Re: Code generation from Daffodil runtime2

Beckerle, Mike Sat, 23 May 2020 12:46:30 -0700

I'm not available until Tuesday, but would be happy to participate then or 
after.


But you also don't have to wait for me.

If we do something next week, then given timezones I assume this would be early 
in the day. My bookings Tuesday are only at 11am US.ET and 2pm, Wednesday I 
have a 10am US.ET.


Some Runtime 2 thoughts for the weekend here:

re: Switch to C/C++ from Java

I think we want to do C/C++ as the initial target for generation. The earlier 
work we did trying out Julian's codegen framework we assumed we were doing Java 
POJOs, but I think we should switch because it's just confusing to me that 
we're still in Java, but not reusing any of the Runtime 1 library.

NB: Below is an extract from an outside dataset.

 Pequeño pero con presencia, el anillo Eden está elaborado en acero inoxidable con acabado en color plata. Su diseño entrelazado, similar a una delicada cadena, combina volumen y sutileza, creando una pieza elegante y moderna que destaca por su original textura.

Doing that instead of Java as the generated code will create a clearer 
separation between Runtime2 and existing Scala/Java Runtime1.

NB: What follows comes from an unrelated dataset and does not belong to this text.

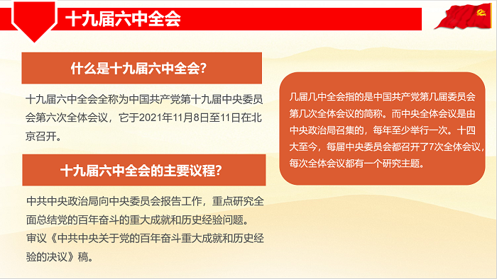 之后,单旭鑫同志为大家普及了“十九届六中全会”的含义、主要议程等知识。同志们也学习到了“几届几中学会”表示什么,每几年举办一次等等。

re: Infrastructure, TDML/Testing

We will have to consider how to make it easy to test, and reuse existing tests. 
We still want our TDML tests and that test discipline to work regardless of 
whether we're testing Runtime1 or Runtime2.

E.g., our TDML tests will have to compile a schema, generate runtime2 code from 
it, compile that code and link with the runtime2 libraries, and then run that 
code, feeding it the TDML data, and obtaining the infoset back from it, 
converting that infoset into XML for comparison with the expected XML in the 
TDML test.

Paving all of that pathway early on will be key to success along with arranging 
to easily run the C/C++ IDE debugger against the generated code and it's 
runtime library.

The TDML "system" is divided into "tdml-lib", which is part of Daffodil,  and 
tdml "processors". The tdml-lib is the common framework for all TDML 
processors. The processors are independent DFDL implementations that implement 
interfaces/traits defined by tdml-lib.

Implementing this is implementing a runtime2 equivalent of the 
DaffodilTDMLDFDLProcessor.scala file, which has 4 classes implemented. We know 
this is doable because we've implemented an alternate TDML processor that 
drives TDML tests against the IBM DFDL libraries, and we use this cross-tester 
rig to verify that numerous DFDL schemas are portable to IBM DFDL and Daffodil.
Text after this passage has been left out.